**Task prompt**
Drop the pictures and repeat the remaining data exactly.

**Dataset extract**
┄┄┄┄┄┄┄┄┄┄
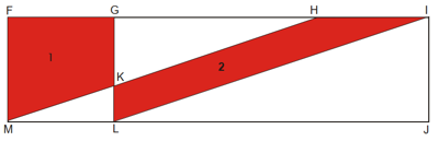 Miguel pintará um painel retangular com motivos geométricos. As duas regiões destacadas, a região 1 (FGKM), contida no quadrado FGLM, e a região 2 (HILK), contida no paralelogramo HILM, conforme figura abaixo, serão pintadas de vermelho. Sabe-se que a tinta utilizada para pintar uma região qualquer depende proporcionalmente de sua área.
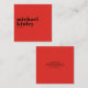 Simple elegant typography plain red and black trendy networking square business card. Suitable for a teacher, writer, designer, photographer, consultant, makeup artist, hairstylist, or any other independent profession.
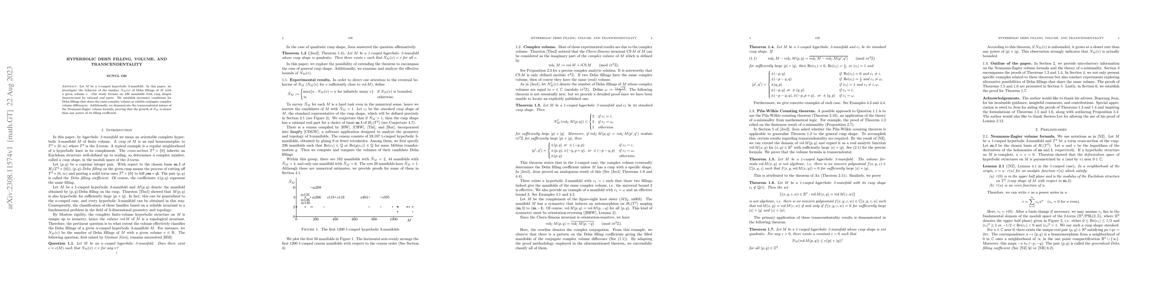 This paper examines the volume behavior of Dehn fillings for 236 specific 1-cusped hyperbolic 3-manifolds, establishing conditions for shared or conjugate complex volumes and proving the transcendental nature of the Neumann-Zagier volume formula, showing slower growth of fillings than any power of the filling coefficient.
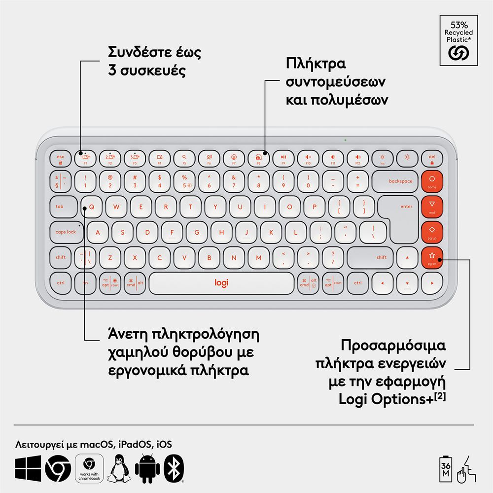 Δώσε στυλ στο γραφείο σου με το ασύρματο πληκτρολόγιο Pop Icon Keys, ένα μικρό πληκτρολόγιο με τολμηρή αισθητική και άνετη πληκτρολόγηση. Απόλαυσε άνεση με τα εργονομικά πλήκτρα χαμηλού προφίλ για άνετη, εμπειρία πληκτρολόγησης χαμηλού θορύβου που θυμίζει φορητό υπολογιστή και κάνε τη ζωή σου πιο εύκολη με τα προσαρμόσιμα πλήκτρα ενεργειών και την εφαρμογή Logi Options+, με εναλλαγή μεταξύ εργασίας και διαλείμματος χωρίς κόπο.
┄┄┄┄┄┄┄┄┄┄
**Solved problem**
 Miguel pintará um painel retangular com motivos geométricos. As duas regiões destacadas, a região 1 (FGKM), contida no quadrado FGLM, e a região 2 (HILK), contida no paralelogramo HILM, conforme figura abaixo, serão pintadas de vermelho. Sabe-se que a tinta utilizada para pintar uma região qualquer depende proporcionalmente de sua área.
 Simple elegant typography plain red and black trendy networking square business card. Suitable for a teacher, writer, designer, photographer, consultant, makeup artist, hairstylist, or any other independent profession.
 This paper examines the volume behavior of Dehn fillings for 236 specific 1-cusped hyperbolic 3-manifolds, establishing conditions for shared or conjugate complex volumes and proving the transcendental nature of the Neumann-Zagier volume formula, showing slower growth of fillings than any power of the filling coefficient.
 Δώσε στυλ στο γραφείο σου με το ασύρματο πληκτρολόγιο Pop Icon Keys, ένα μικρό πληκτρολόγιο με τολμηρή αισθητική και άνετη πληκτρολόγηση. Απόλαυσε άνεση με τα εργονομικά πλήκτρα χαμηλού προφίλ για άνετη, εμπειρία πληκτρολόγησης χαμηλού θορύβου που θυμίζει φορητό υπολογιστή και κάνε τη ζωή σου πιο εύκολη με τα προσαρμόσιμα πλήκτρα ενεργειών και την εφαρμογή Logi Options+, με εναλλαγή μεταξύ εργασίας και διαλείμματος χωρίς κόπο.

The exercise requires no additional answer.